● **Supplied information**
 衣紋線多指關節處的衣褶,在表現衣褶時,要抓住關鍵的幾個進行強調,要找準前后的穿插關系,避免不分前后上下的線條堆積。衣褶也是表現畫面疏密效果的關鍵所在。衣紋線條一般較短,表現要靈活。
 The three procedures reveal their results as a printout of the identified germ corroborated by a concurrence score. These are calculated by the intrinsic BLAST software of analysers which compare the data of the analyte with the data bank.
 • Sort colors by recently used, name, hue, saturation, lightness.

==

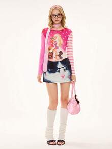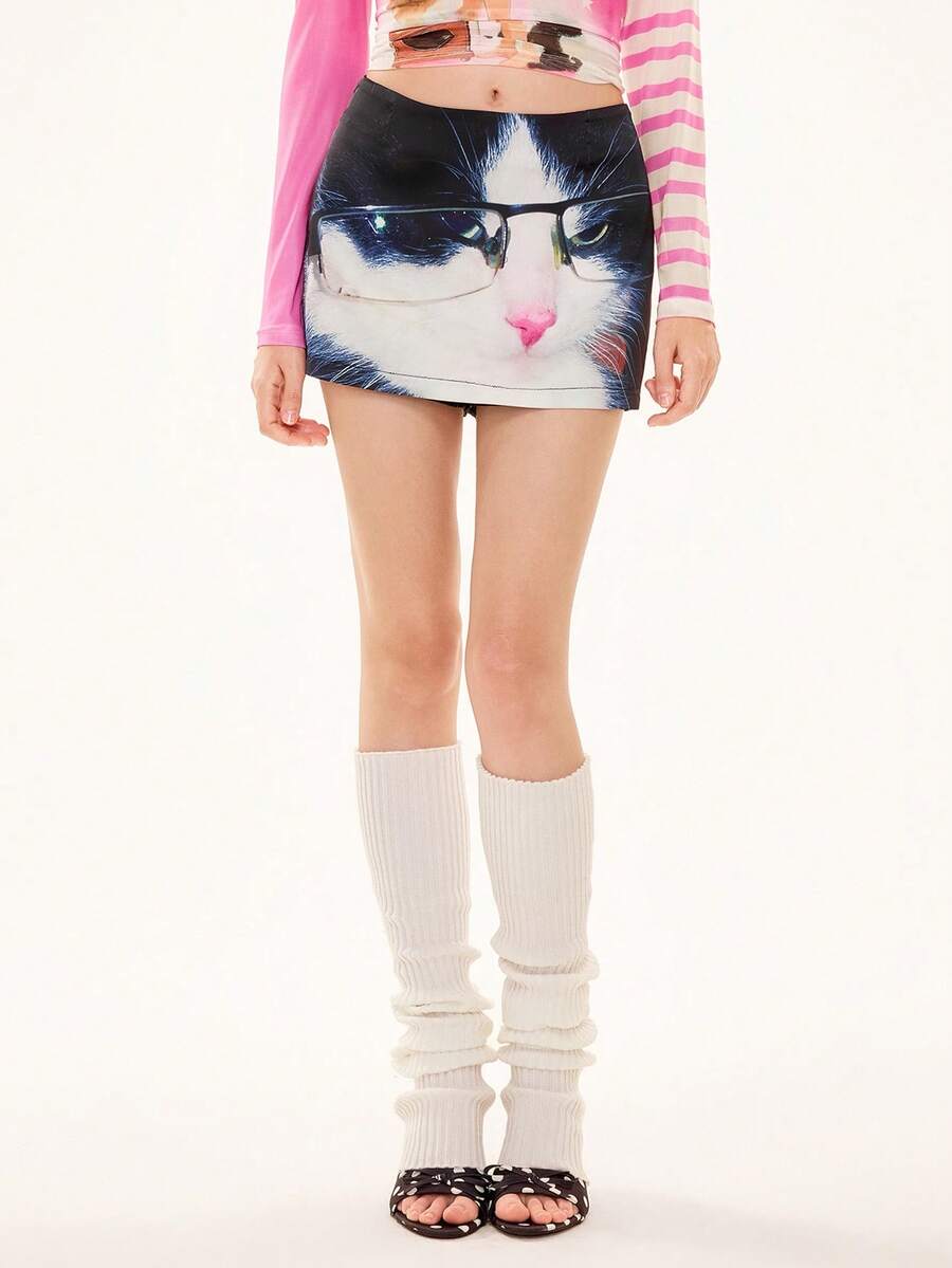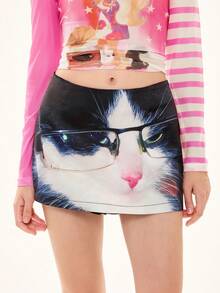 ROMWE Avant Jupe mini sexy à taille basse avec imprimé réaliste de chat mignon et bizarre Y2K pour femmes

● **Your assignment**
The entries above hold a line with "衣紋線多指關節處的衣褶,在表" and a later line with "hue, saturation, lightness.". Write out exactly those lines and all lines between, nothing more.

● **Your solution**
 衣紋線多指關節處的衣褶,在表現衣褶時,要抓住關鍵的幾個進行強調,要找準前后的穿插關系,避免不分前后上下的線條堆積。衣褶也是表現畫面疏密效果的關鍵所在。衣紋線條一般較短,表現要靈活。
 The three procedures reveal their results as a printout of the identified germ corroborated by a concurrence score. These are calculated by the intrinsic BLAST software of analysers which compare the data of the analyte with the data bank.
 • Sort colors by recently used, name, hue, saturation, lightness.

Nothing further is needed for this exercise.